Quote the records below in full, exactly as given, with the images taken out.

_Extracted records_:
·····
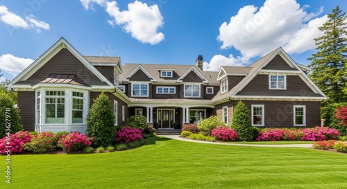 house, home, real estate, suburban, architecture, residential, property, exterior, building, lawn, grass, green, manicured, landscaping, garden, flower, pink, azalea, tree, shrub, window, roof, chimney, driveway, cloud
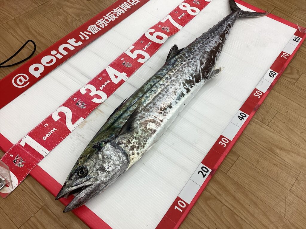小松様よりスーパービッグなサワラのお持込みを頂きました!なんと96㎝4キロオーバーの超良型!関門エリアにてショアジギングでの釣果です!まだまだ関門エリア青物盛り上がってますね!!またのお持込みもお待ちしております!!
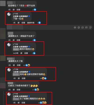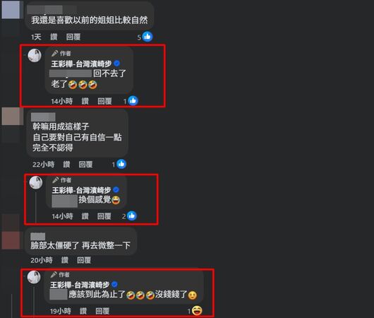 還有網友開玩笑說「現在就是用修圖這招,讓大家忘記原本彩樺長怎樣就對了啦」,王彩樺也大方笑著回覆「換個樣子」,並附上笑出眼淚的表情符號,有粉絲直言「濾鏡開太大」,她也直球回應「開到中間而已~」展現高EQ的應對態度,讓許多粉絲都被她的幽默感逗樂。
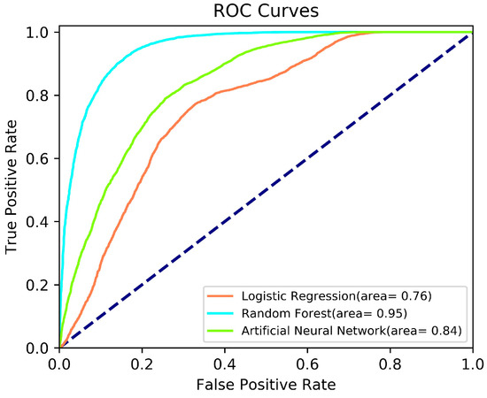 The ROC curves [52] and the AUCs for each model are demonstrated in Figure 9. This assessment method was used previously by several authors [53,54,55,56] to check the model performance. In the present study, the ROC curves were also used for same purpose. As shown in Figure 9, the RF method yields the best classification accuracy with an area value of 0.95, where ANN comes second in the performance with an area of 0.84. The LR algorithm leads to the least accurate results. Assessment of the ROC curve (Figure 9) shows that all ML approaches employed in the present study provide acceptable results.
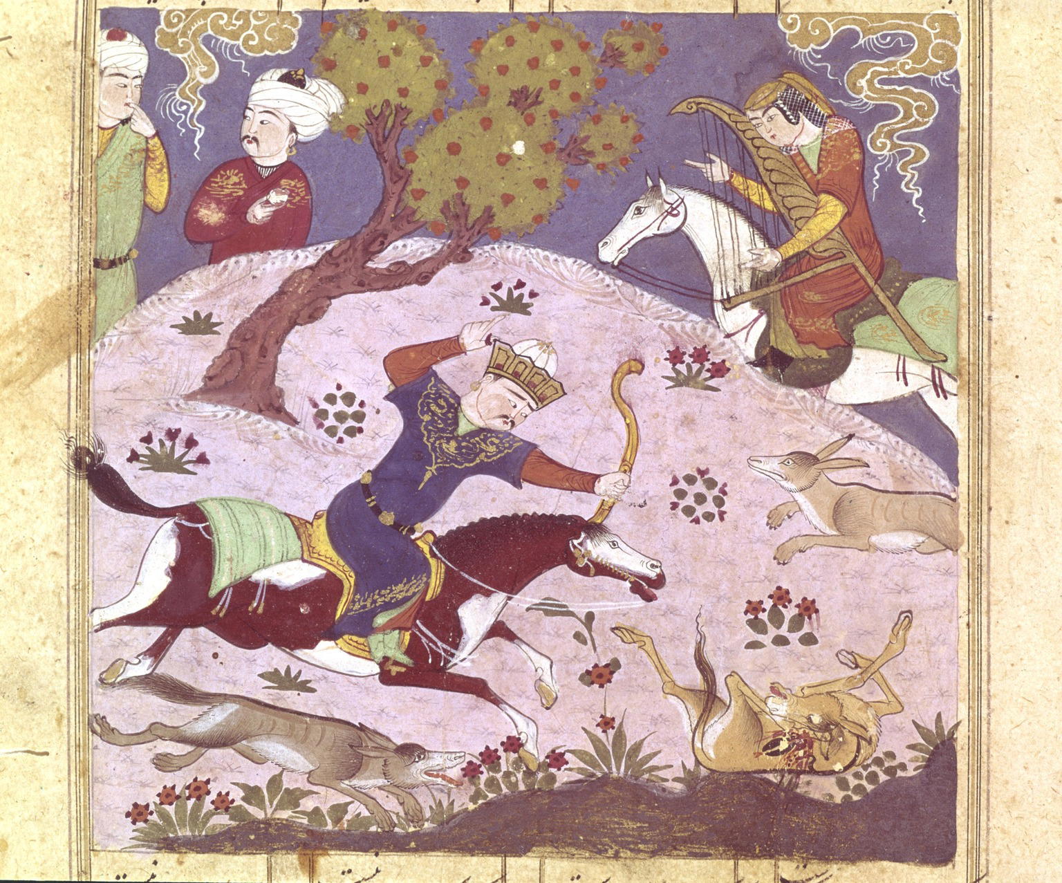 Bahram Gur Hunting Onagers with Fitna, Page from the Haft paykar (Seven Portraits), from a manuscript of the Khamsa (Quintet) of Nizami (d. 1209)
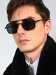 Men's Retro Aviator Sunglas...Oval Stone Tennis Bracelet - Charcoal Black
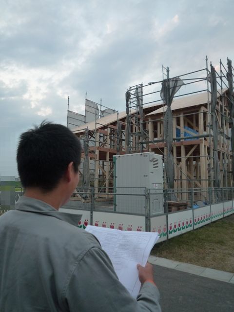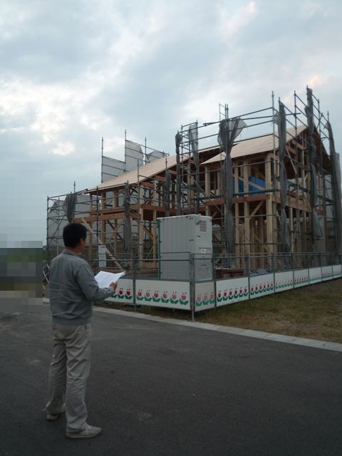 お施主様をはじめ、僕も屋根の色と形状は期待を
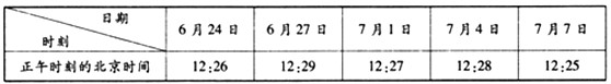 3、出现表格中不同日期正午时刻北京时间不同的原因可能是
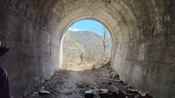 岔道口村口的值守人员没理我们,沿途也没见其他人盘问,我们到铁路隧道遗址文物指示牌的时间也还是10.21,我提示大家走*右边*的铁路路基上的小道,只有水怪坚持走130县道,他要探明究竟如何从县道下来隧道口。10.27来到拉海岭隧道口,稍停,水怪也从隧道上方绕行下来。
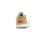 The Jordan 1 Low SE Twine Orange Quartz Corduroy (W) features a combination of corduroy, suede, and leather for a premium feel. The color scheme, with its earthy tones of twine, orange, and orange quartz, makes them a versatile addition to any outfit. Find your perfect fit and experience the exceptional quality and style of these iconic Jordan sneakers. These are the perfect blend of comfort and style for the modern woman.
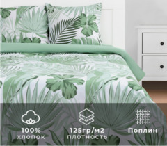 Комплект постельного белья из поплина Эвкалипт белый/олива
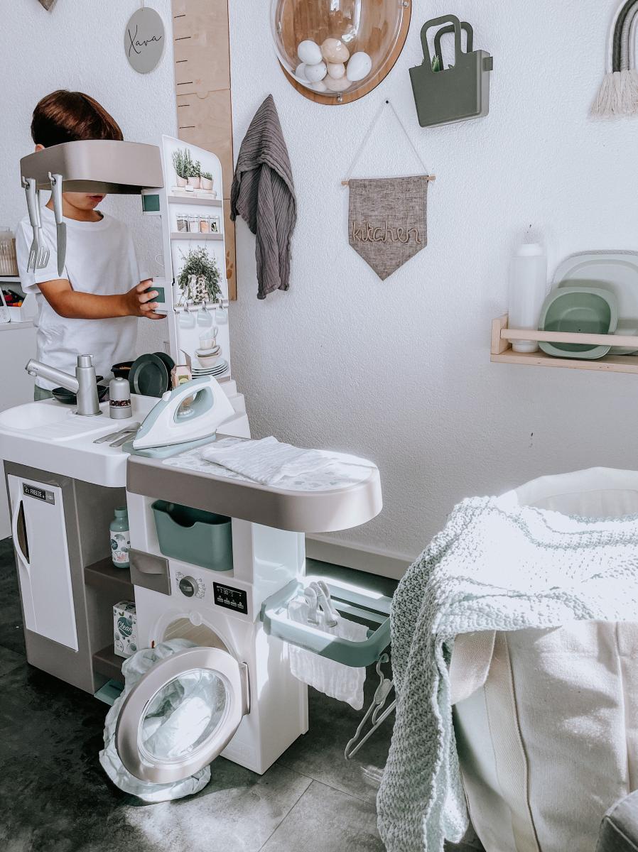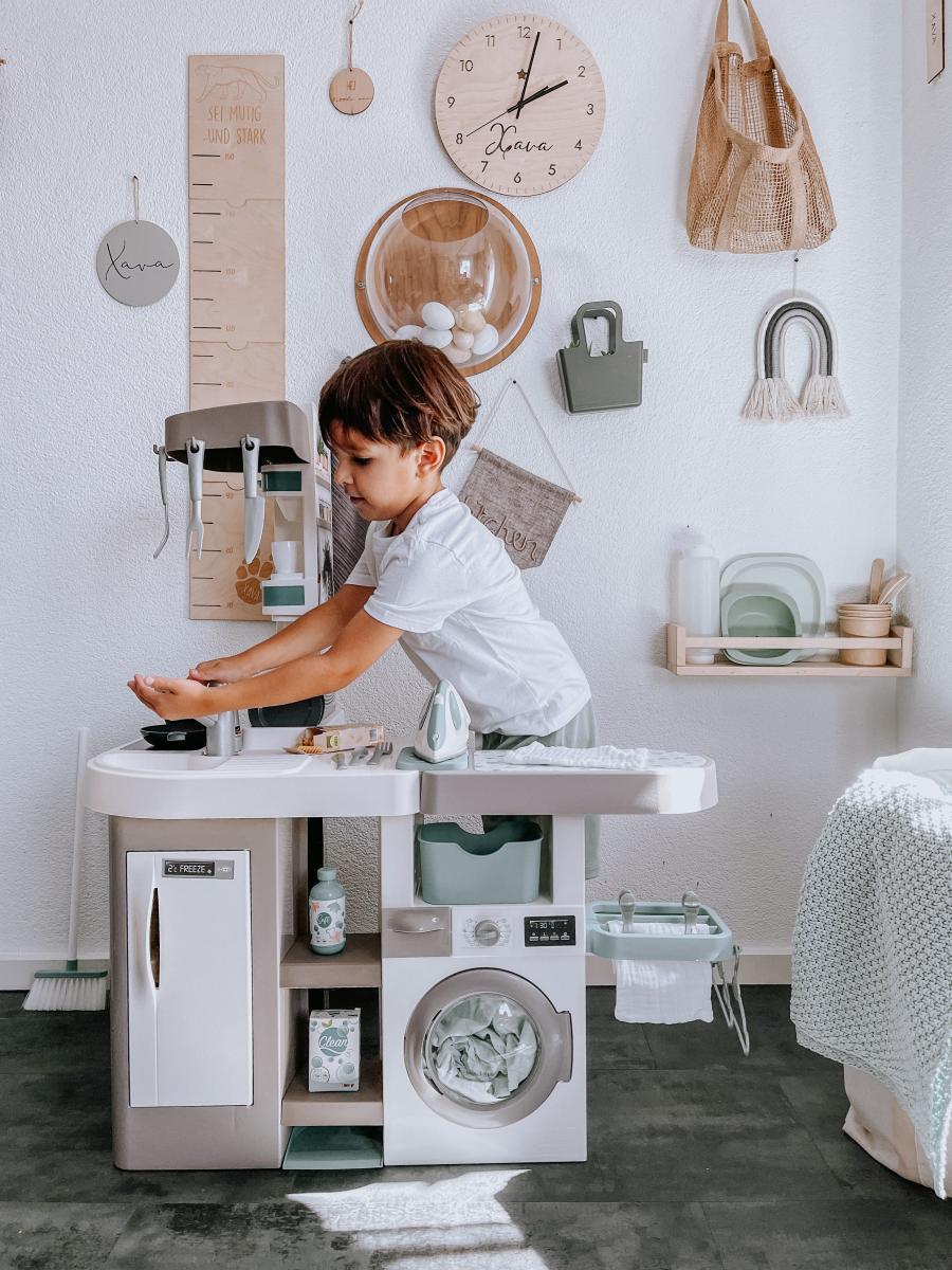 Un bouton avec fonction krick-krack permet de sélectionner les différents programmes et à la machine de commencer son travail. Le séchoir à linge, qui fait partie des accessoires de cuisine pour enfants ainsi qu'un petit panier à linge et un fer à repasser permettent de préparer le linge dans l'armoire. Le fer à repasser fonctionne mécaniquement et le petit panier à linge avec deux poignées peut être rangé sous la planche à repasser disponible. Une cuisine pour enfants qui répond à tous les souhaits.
·····
_Answer box_:
 house, home, real estate, suburban, architecture, residential, property, exterior, building, lawn, grass, green, manicured, landscaping, garden, flower, pink, azalea, tree, shrub, window, roof, chimney, driveway, cloud
小松様よりスーパービッグなサワラのお持込みを頂きました!なんと96㎝4キロオーバーの超良型!関門エリアにてショアジギングでの釣果です!まだまだ関門エリア青物盛り上がってますね!!またのお持込みもお待ちしております!!
 還有網友開玩笑說「現在就是用修圖這招,讓大家忘記原本彩樺長怎樣就對了啦」,王彩樺也大方笑著回覆「換個樣子」,並附上笑出眼淚的表情符號,有粉絲直言「濾鏡開太大」,她也直球回應「開到中間而已~」展現高EQ的應對態度,讓許多粉絲都被她的幽默感逗樂。
 The ROC curves [52] and the AUCs for each model are demonstrated in Figure 9. This assessment method was used previously by several authors [53,54,55,56] to check the model performance. In the present study, the ROC curves were also used for same purpose. As shown in Figure 9, the RF method yields the best classification accuracy with an area value of 0.95, where ANN comes second in the performance with an area of 0.84. The LR algorithm leads to the least accurate results. Assessment of the ROC curve (Figure 9) shows that all ML approaches employed in the present study provide acceptable results.
 Bahram Gur Hunting Onagers with Fitna, Page from the Haft paykar (Seven Portraits), from a manuscript of the Khamsa (Quintet) of Nizami (d. 1209)
 Men's Retro Aviator Sunglas...Oval Stone Tennis Bracelet - Charcoal Black
 お施主様をはじめ、僕も屋根の色と形状は期待を
 3、出现表格中不同日期正午时刻北京时间不同的原因可能是
 岔道口村口的值守人员没理我们,沿途也没见其他人盘问,我们到铁路隧道遗址文物指示牌的时间也还是10.21,我提示大家走*右边*的铁路路基上的小道,只有水怪坚持走130县道,他要探明究竟如何从县道下来隧道口。10.27来到拉海岭隧道口,稍停,水怪也从隧道上方绕行下来。
 The Jordan 1 Low SE Twine Orange Quartz Corduroy (W) features a combination of corduroy, suede, and leather for a premium feel. The color scheme, with its earthy tones of twine, orange, and orange quartz, makes them a versatile addition to any outfit. Find your perfect fit and experience the exceptional quality and style of these iconic Jordan sneakers. These are the perfect blend of comfort and style for the modern woman.
 Комплект постельного белья из поплина Эвкалипт белый/олива
 Un bouton avec fonction krick-krack permet de sélectionner les différents programmes et à la machine de commencer son travail. Le séchoir à linge, qui fait partie des accessoires de cuisine pour enfants ainsi qu'un petit panier à linge et un fer à repasser permettent de préparer le linge dans l'armoire. Le fer à repasser fonctionne mécaniquement et le petit panier à linge avec deux poignées peut être rangé sous la planche à repasser disponible. Une cuisine pour enfants qui répond à tous les souhaits.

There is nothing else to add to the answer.